*** Block opens ***

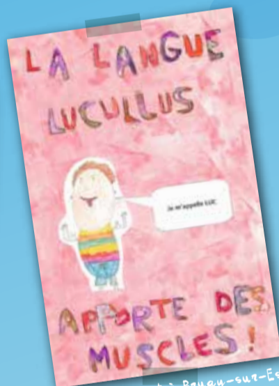
Clis - Ecole Monet à Bruay-sur-Escaut

Toutes les techniques manuelles disponibles peuvent être envisagées pour la réalisation des œuvres (voir les précisions techniques des différentes catégories dans le règlement du concours).
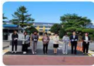
명륜초등학교 교문 개선 사업비 지원
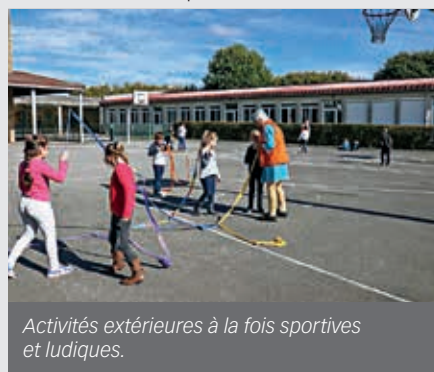
Activités extérieures à la fois sportives et ludiques.

L'école travaillant sur l'axe du cirque, le temps périscolaire a intégré le cirque et le cinéma dans les animations. Le film Chocolat a été visionné en fin de période.
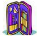
Das Mäppchen / пенал
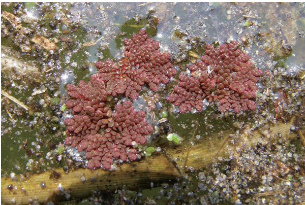
■外来アゾラ属 要対策 p.43
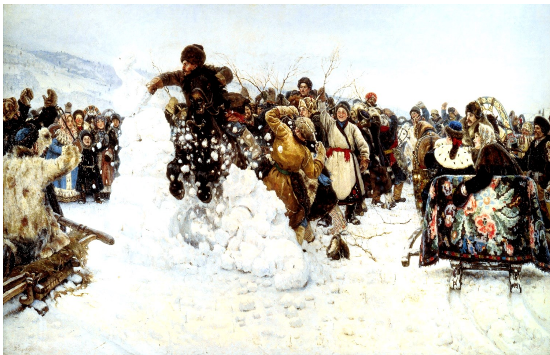
«Взятие снежного городка». В. Суриков. 1891 г.
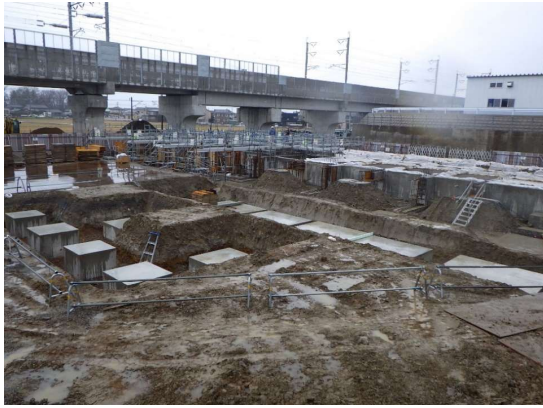
ラップルコンクリートを打設しました。(B-1工区)
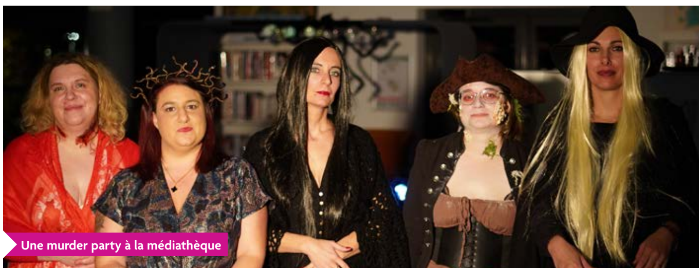
Une murder party à la médiathèque
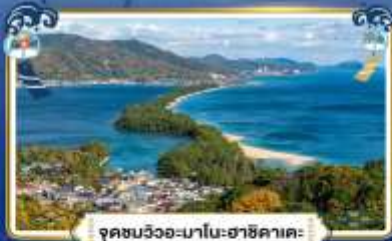
จุดชมวิวกะมาโมะฮาชิคาตะ
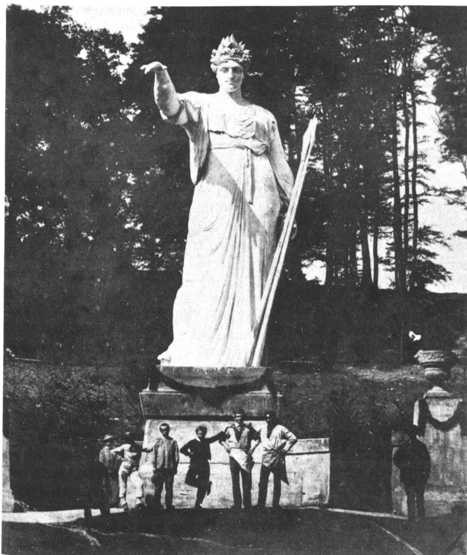
5 Eugène Grasset, Helvétie, photographie de A. Schmid lors du Tir Fédéral de Lausanne en 1876 (Musée de l'Elysée, Lausanne).
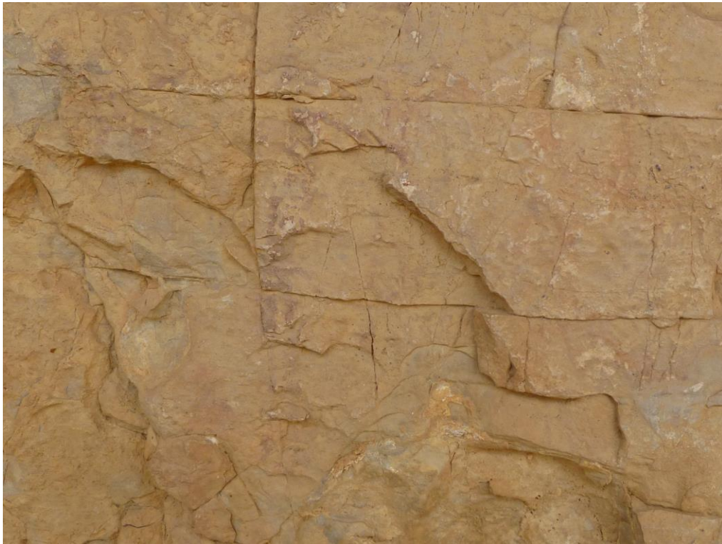
Arquers abans de la neteja
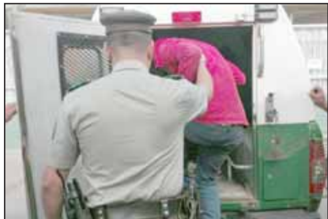
Los detenidos fueron derivados hasta Tribunales para ser formalizados por el delito de receptación.
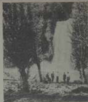
Entrada del Vado en el Monasterio de Piedra

fuerte trazo en sus lienzos la irónica protesta que constituye con el nombre de sus caprichos las agnoscencias, que penetran como un dardo de noble coquetería en la vida íntima de la conciencia española. Magico poder
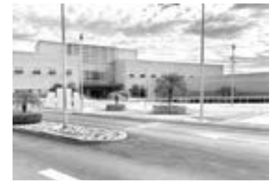
HOSPITAL REGIONAL de Alta Especialidad

Los datos señalan que en el 2018 ocurrieron 25 casos, mientras que en el 2017 se registraron 28, en el 2016 20, en el 2015 fueron 14 y el año con menos muertes maternas fue 2011 que reportó 12 casos.
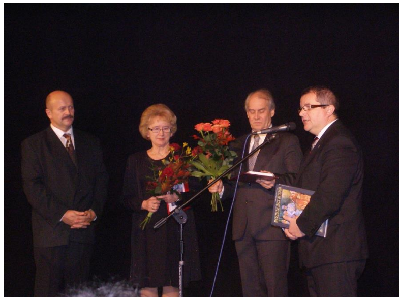
Uroczystość z okazji 50 lat koncertów Filharmonii w LO, 12.2009.
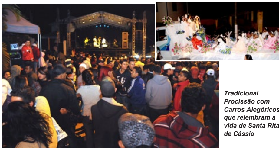
Tradicional Procissão com Carros Alegóricos que relembram a vida de Santa Rita de Cássia
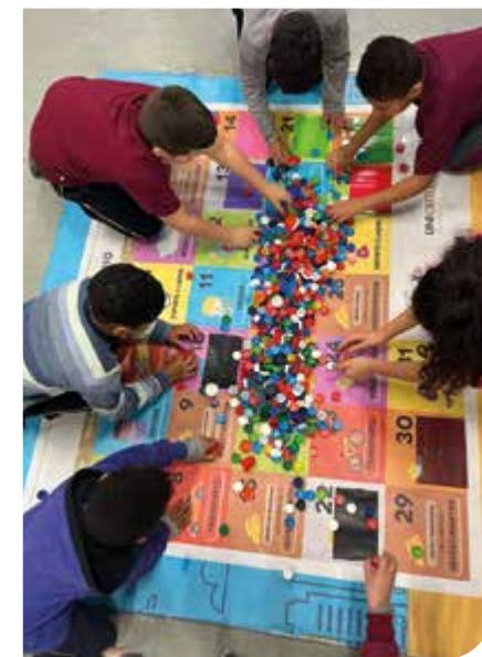
Caxias do Sul/RS
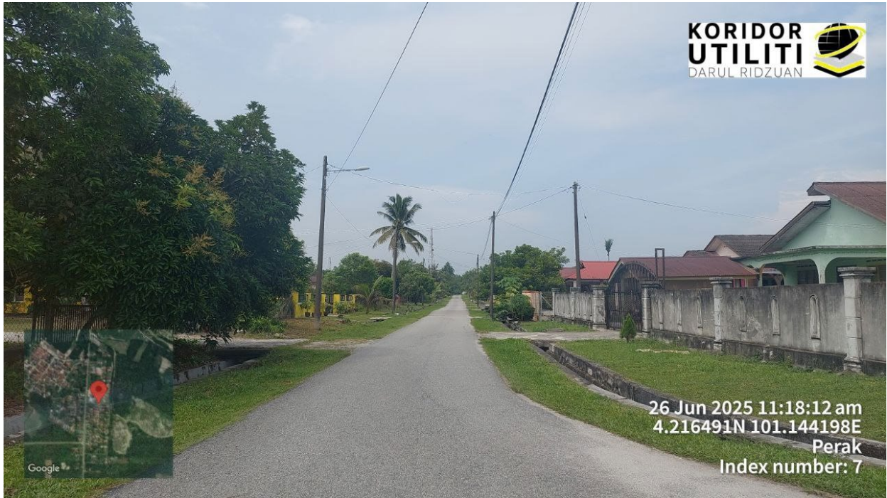
LOKASI DI KG TERSUSUN SG KROH
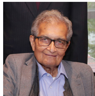
Amartya Sen Économiste, Prix Nobel d'économie 1998, Titulaire de la Chaire Thomas Lamont et professeur d'Economie et de Philosophie à l'Université d'Harvard
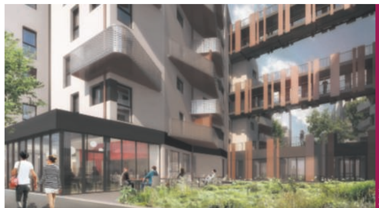
Construction d'une résidence intergénérationnelle, Gennevilliers (92). Espacil.

*** Block closes ***

* Exercise requirements
The expected output is the complete listing, word for word, without any picture.

* Output of the exercise
Clis - Ecole Monet à Bruay-sur-Escaut

Toutes les techniques manuelles disponibles peuvent être envisagées pour la réalisation des œuvres (voir les précisions techniques des différentes catégories dans le règlement du concours).
명륜초등학교 교문 개선 사업비 지원
Activités extérieures à la fois sportives et ludiques.

L'école travaillant sur l'axe du cirque, le temps périscolaire a intégré le cirque et le cinéma dans les animations. Le film Chocolat a été visionné en fin de période.
Das Mäppchen / пенал
■外来アゾラ属 要対策 p.43
«Взятие снежного городка». В. Суриков. 1891 г.
ラップルコンクリートを打設しました。(B-1工区)
Une murder party à la médiathèque
จุดชมวิวกะมาโมะฮาชิคาตะ
5 Eugène Grasset, Helvétie, photographie de A. Schmid lors du Tir Fédéral de Lausanne en 1876 (Musée de l'Elysée, Lausanne).
Arquers abans de la neteja
Los detenidos fueron derivados hasta Tribunales para ser formalizados por el delito de receptación.
Entrada del Vado en el Monasterio de Piedra

fuerte trazo en sus lienzos la irónica protesta que constituye con el nombre de sus caprichos las agnoscencias, que penetran como un dardo de noble coquetería en la vida íntima de la conciencia española. Magico poder
HOSPITAL REGIONAL de Alta Especialidad

Los datos señalan que en el 2018 ocurrieron 25 casos, mientras que en el 2017 se registraron 28, en el 2016 20, en el 2015 fueron 14 y el año con menos muertes maternas fue 2011 que reportó 12 casos.
Uroczystość z okazji 50 lat koncertów Filharmonii w LO, 12.2009.
Tradicional Procissão com Carros Alegóricos que relembram a vida de Santa Rita de Cássia
Caxias do Sul/RS
LOKASI DI KG TERSUSUN SG KROH
Amartya Sen Économiste, Prix Nobel d'économie 1998, Titulaire de la Chaire Thomas Lamont et professeur d'Economie et de Philosophie à l'Université d'Harvard
Construction d'une résidence intergénérationnelle, Gennevilliers (92). Espacil.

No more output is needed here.